▶ BRIEF: Print, word for word, only the lines from the one with "We will not" down to the last line of the listing below; no pictures.

[RECORDED INFORMATION — start]

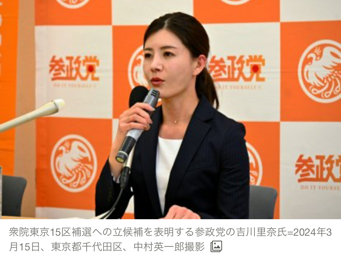 参政党、衆院東京15区補選に新顔・吉川氏擁立へ [春の衆院補選2024] [東京の政治] [東京都]:朝日新聞
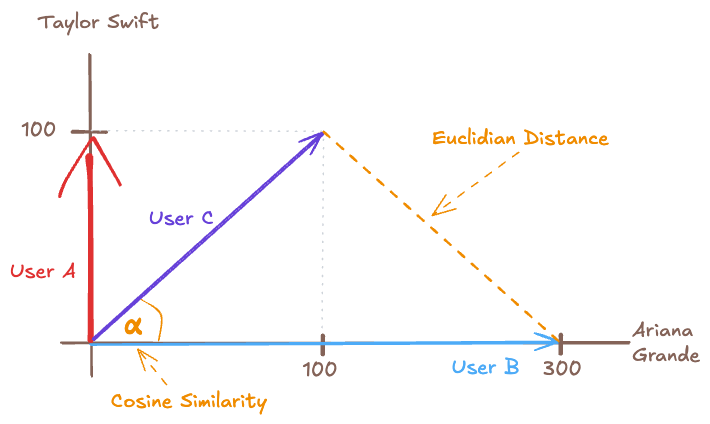 We will not delve into the mathematical details of each method, but we will provide a brief overview of how they work. To simplify, let’s break this down into just two dimensions: Ariana Grande and Taylor Swift. User A listens to 100 songs by Taylor Swift, user B listens to 300 songs by Ariana Grande, and user C falls in the middle, listening to 100 songs by Taylor Swift and 100 songs by Ariana Grande.
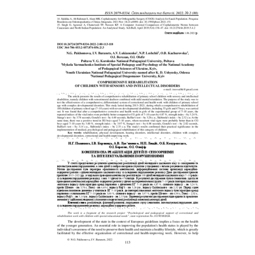 - Leshchiy NP, Pakhomova NG, Baranets IV, Kulbida SV, Yanovskaya TA, Sheremet MK, Suprun MO. Features of the physical and psycho-emotional state of children with. Svit Medytsyny ta Biolohiyi. 2021; 3(77): 91–96. DOI 10.26724/2079-8334-2021-3-77-91-96

[RECORDED INFORMATION — finish]

▶ RESULT:
 We will not delve into the mathematical details of each method, but we will provide a brief overview of how they work. To simplify, let’s break this down into just two dimensions: Ariana Grande and Taylor Swift. User A listens to 100 songs by Taylor Swift, user B listens to 300 songs by Ariana Grande, and user C falls in the middle, listening to 100 songs by Taylor Swift and 100 songs by Ariana Grande.
 - Leshchiy NP, Pakhomova NG, Baranets IV, Kulbida SV, Yanovskaya TA, Sheremet MK, Suprun MO. Features of the physical and psycho-emotional state of children with. Svit Medytsyny ta Biolohiyi. 2021; 3(77): 91–96. DOI 10.26724/2079-8334-2021-3-77-91-96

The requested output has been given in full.